Not far behind in second place was local Soaring talent Ray Alonzo, flying an Xplorer and getting five solid maxes. He was followed by Paul Perret and his Super Supra 150 slotting into third place. The 40th Tangerine became the largest ALES event ever flown in Florida.
The RES contest began shortly after 1 p.m. CD Raed Elazzawi read the rules to the 24 assembled pilots and we began flying under gray skies with 10 mph wind, making downwind treks slightly risky unless the pilot’s RES aircraft was loaded.
After round one, a shower delayed proceedings, so pilots congregated in the barn until the rain passed. Round two was flown in improving conditions and occasionally sun poked through to get the air percolating. As the overcast broke, flying was awesome.
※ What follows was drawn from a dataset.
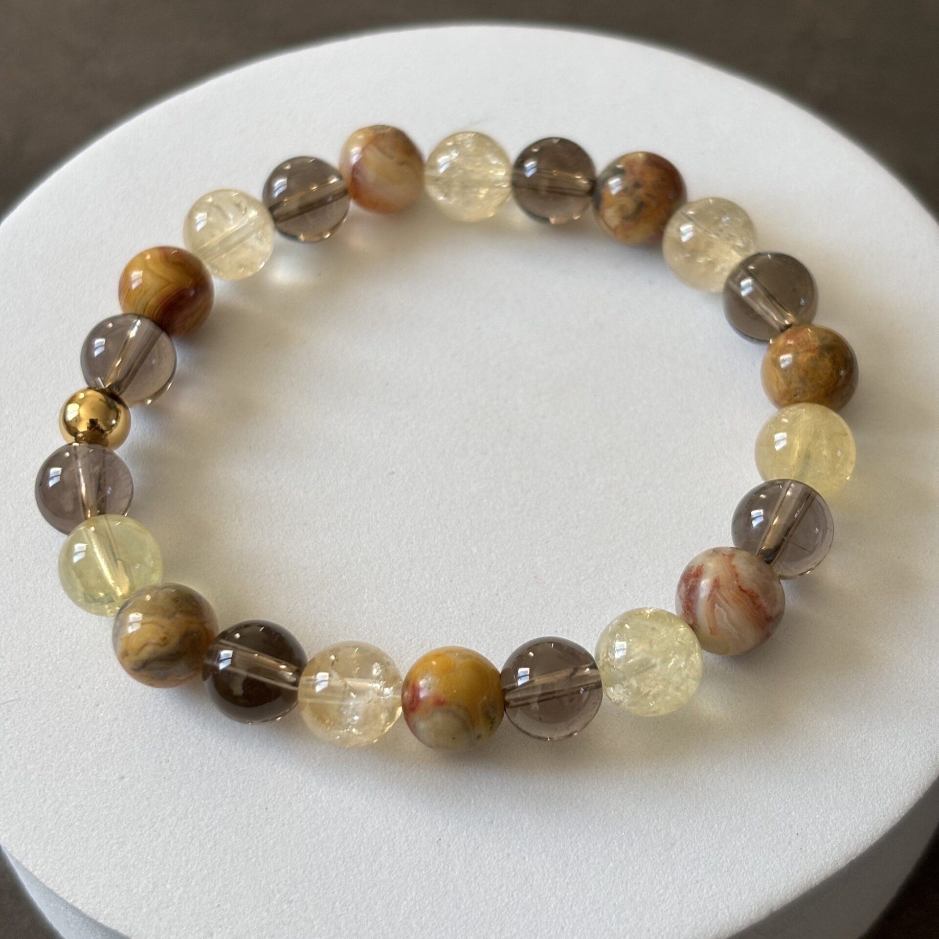 Bracelet spécifique confiance en soi : Agate crazy lace, quartz fumé et citrine

We managed to get two more 8-minute rounds in before the setting sun caused Raed to end the contest. In contention for a win, I found myself scratching low with my SuperAva in the final round. I finally succumbed a minute short to hand the contest win to Jeff Duval, who was flawless through three rounds. Jeff is another local talent who practices incessantly and performs to a high standard.
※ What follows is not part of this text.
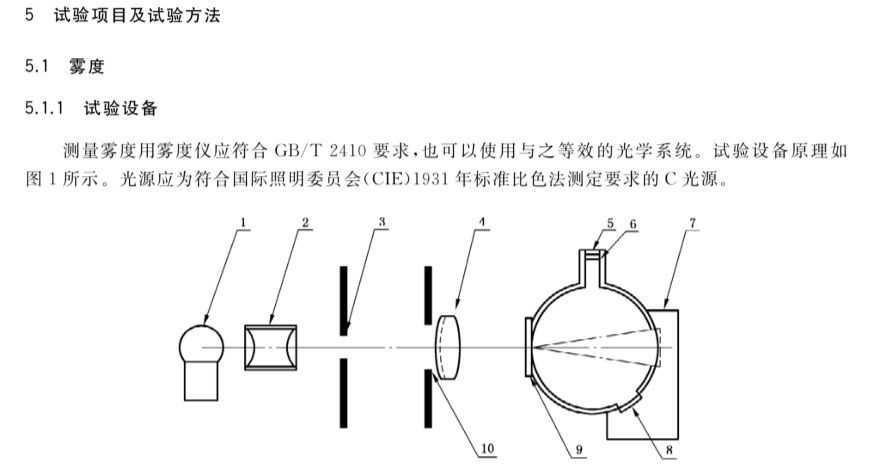 5.11试验设备中,规定了雾度计的要求。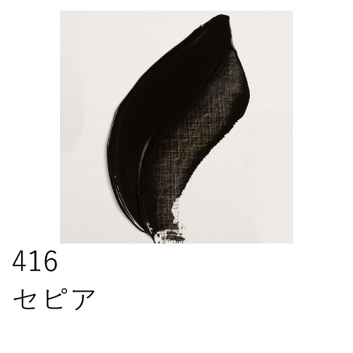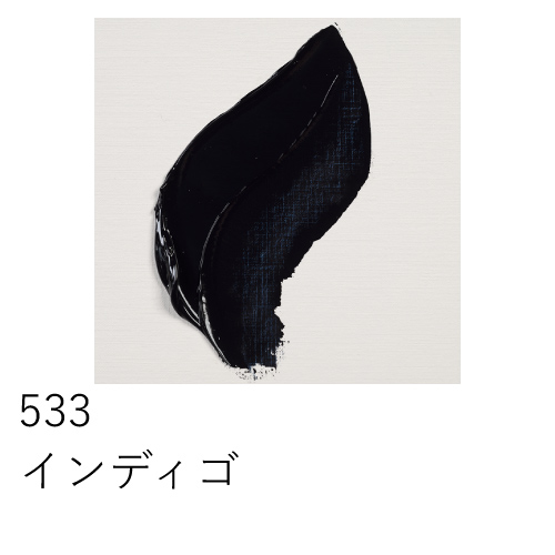 「鉄黒」とよばれる黒色顔料を使用した油絵具で、あっさりとした柔らかい黒色をしています。

In third place was Joey Melchoirre, slightly edging out John Kennedy. The Tangerine has uniquely crafted, personalized awards made by US Soaring Team pilot Jody Miller.
Three of us camped in the barn for the weekend and when we awoke at dawn on Saturday, we were greeted by clear skies and crisp, cool air. Saturday’s Unlimited contest began in mild conditions with a 7-10 mph breeze forecast to build from the northeast.
New arrivals overnight brought 41 starters to attend Raed Elazzawi’s 9 a.m. pilots’ meeting. David Beach introduced his scoring software used by the Eastern Soaring League.
The first three rounds were flown in five groups with random man-on-man (MOM) assignments, which were posted on the board for pilots to arrange for their timers. The fourth and remaining rounds were seeded MOM groups, and David’s software made the scoring and contest directing an easy task.
The first three rounds were relatively uneventful. Most pilots found the conditions favorable and used the air to make the 8-minute max. After lunch, the cycling conditions and strengthening breeze during round five caused some groups to struggle to make time. In Group C, Buddy Bradley took 1,000 with a hard-fought 6:16-71. The following group also suffered, but Derek Khaw, after a decade away from Soaring, took the top points with a 5:49-92.
The final round seven was a deal breaker for the final group, as the fickle air saw sink on one side and half of the top group came in early, causing a huge upset in the standings. Dillon Graves, the local Team USA F3J Junior pilot, prevailed with a clean sheet to take his first top honors at a major contest. Jeff Duval flew with great skill and determination to take second place, while Jeff Carr, who was consistent all day, was awarded third place in Expert.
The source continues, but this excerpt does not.